窦可以为是自己今日心血来潮带青鸾出宫,让沈芷这位后宫之主感到为难,诚心感到抱歉。
“是有人跟你说了什么吗?还是因为今日十五,我本该一直陪着你的。”
感受到窦可的贴心,沈芷眼含热泪:“陛下,您九五之尊,无需感到抱歉。是臣……臣做错了一件事。”
深吸一口气,沈芷才接着说道:“臣曾经受到蒙蔽,怨了您许多年,还对您造成了伤害……”
沈芷边说,边直挺挺地跪了下去。
膝盖撞击在冰冷的地砖上,发出一声沉闷的响。那声音在寂静的寝殿里回荡。
窦可愣住了。
她就那样站在原地,低头看着跪在面前的沈芷。
这是突然闹哪样?
烛火摇曳,将两人的影子投在地上。一个站着,一个跪着,影子交叠在一起,像一幅定格的画。
“你……”窦可的声音有些发涩,“你这是做什么?”
沈芷不敢抬头。
肩膀颤抖得厉害。
“臣罪该万死。”他的声音闷得几乎听不清,“臣……臣有罪。”
窦可沉默了一瞬。
沈芷一直都在配合幕后黑手加害自己,窦可拿到剧本的第一天就知道。
只是没选择对方当主要目标的情况下,不愿横生情债。
便任由他与大皇姐私相授受,暗度陈仓。
如今对方即将成功杀死自己,与命定的cp达成he结局,怎么突然倒戈了?
自己这次真没想拆cp。
窦可看着沈芷的脊背,看着那道在烛火下显得格外瘦削的轮廓,与七年前的背影重合。
那时候沈芷也跪着,跪在先皇面前。
一身不服。
生怕别人不知道他不喜这门亲事。
如今,他跪在自己面前,说他“有罪”。
“什么罪?”窦可依照人设问出疑问,声音平静得听不出情绪。
沈芷没有立刻回答。
他的肩膀抖得更厉害了,攥着衣襟的手指骨节泛白,像是在用尽全身力气,才能不让那些话卡在喉咙里。

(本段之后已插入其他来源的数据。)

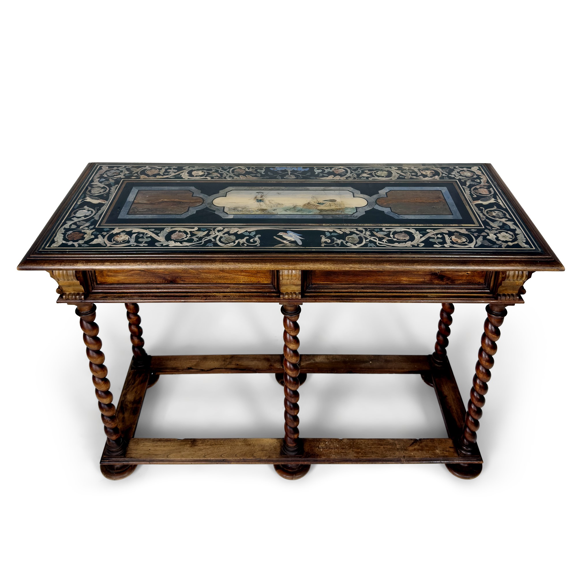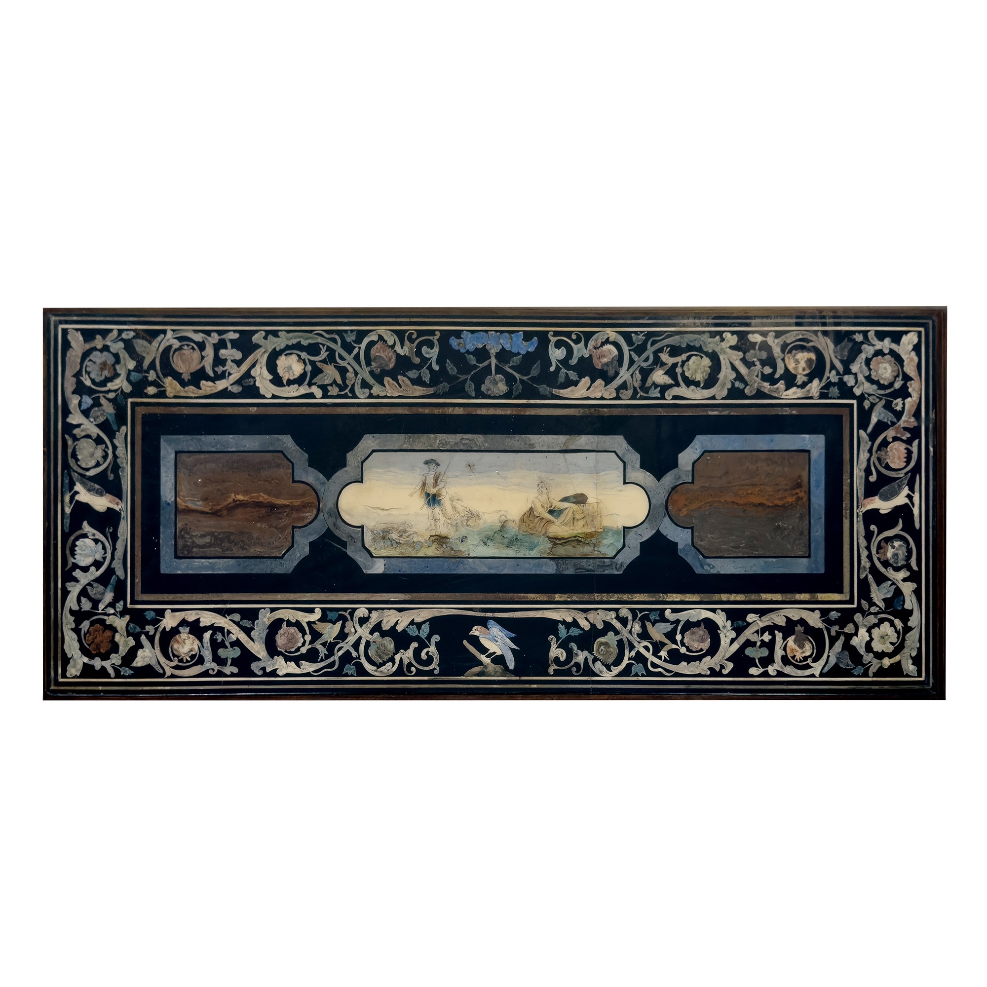 decorato al centro a scena campestre compresa entro una cornice a racemi fogliati, frutti e volatili; base lignea con sostegni tortili e piedi a boccia schiacciata, cm. 85x122x53 (restauri al piano)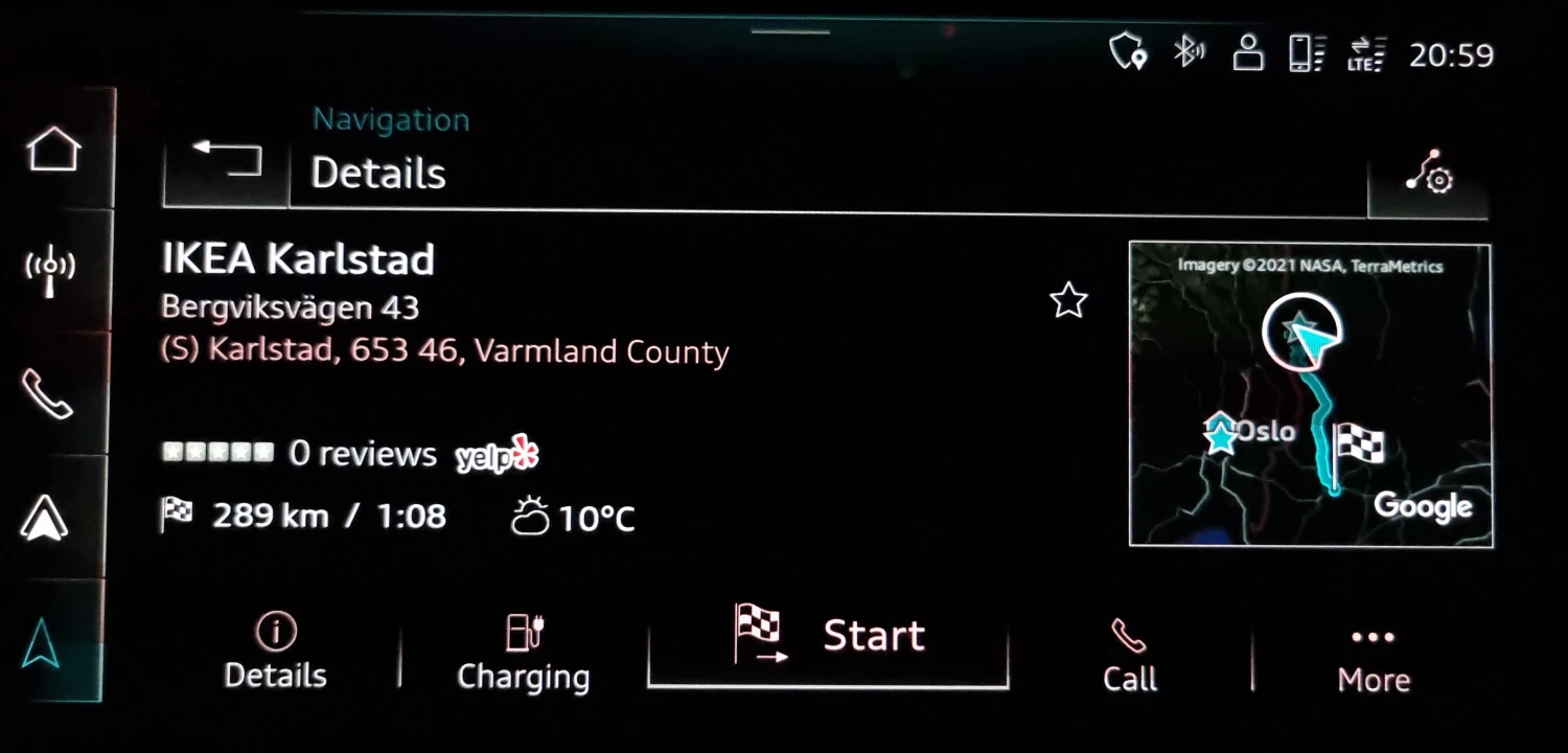 Trinn 3: Navigasjon informerer om at du ikke har nok lading ved å gå til IKEA og foreslår å legge til lading langs ruten

“臣……”他开口,声音沙哑得像砂纸,“臣之前所用的香,并不是为讨好陛下,而是为了影响陛下情绪所设。”
窦可没有说话。
“臣幼时以为……以为是陛下让臣失去自由,未来终身困于宫廷。”沈芷继续说,每一个字都像是从牙缝里挤出来的,“臣从小与大皇女交好,母亲说大皇女是臣未开的妻主。可忽然有一天,他们告诉臣,臣要赘的人是您,不是大皇女。”
沈芷的声音开始颤抖。
“母亲说,您冷心冷肺,只看利益不重情感。臣不愿自己的亲事被用作政治联姻,不愿自己做一件精美的摆设。臣……”
沈芷顿了顿,深吸一口气。
“臣怨恨过您。”
这几个字,在寂静的寝殿里回荡。
窦可依旧没有说话。她只是低头看着脆弱的快要破碎的沈芷。
“为什么?”她终于开口,声音依旧平静,“为什么突然告诉朕这些?”
沈芷浑身一颤。
他可以选择说谎,可以继续伪装,可以像过去七年一样,把所有的罪都埋在心底。
可沈芷没有。
因为他跪在这里,就是为了给自己争取一个能无愧于心的留在窦可身边的机会。
“臣,心悦您。不愿您被臣,被奸人所害。”
窦可的眉头微微蹙起。
“臣之前身上的香,叫‘杏林春晓’。”沈芷说,“那香本身无毒,但若与陛下每日食用的杏花蜜同用,日积月累,便会生成慢性热毒。”
他说到这里,终于抬起头。
烛火下,他的脸上全是泪痕,眼睛红得像滴血。他就那样跪着,仰着头,看着窦可,像等待宣判的死囚。
“臣知道。”他说,“臣从一开始就知道。”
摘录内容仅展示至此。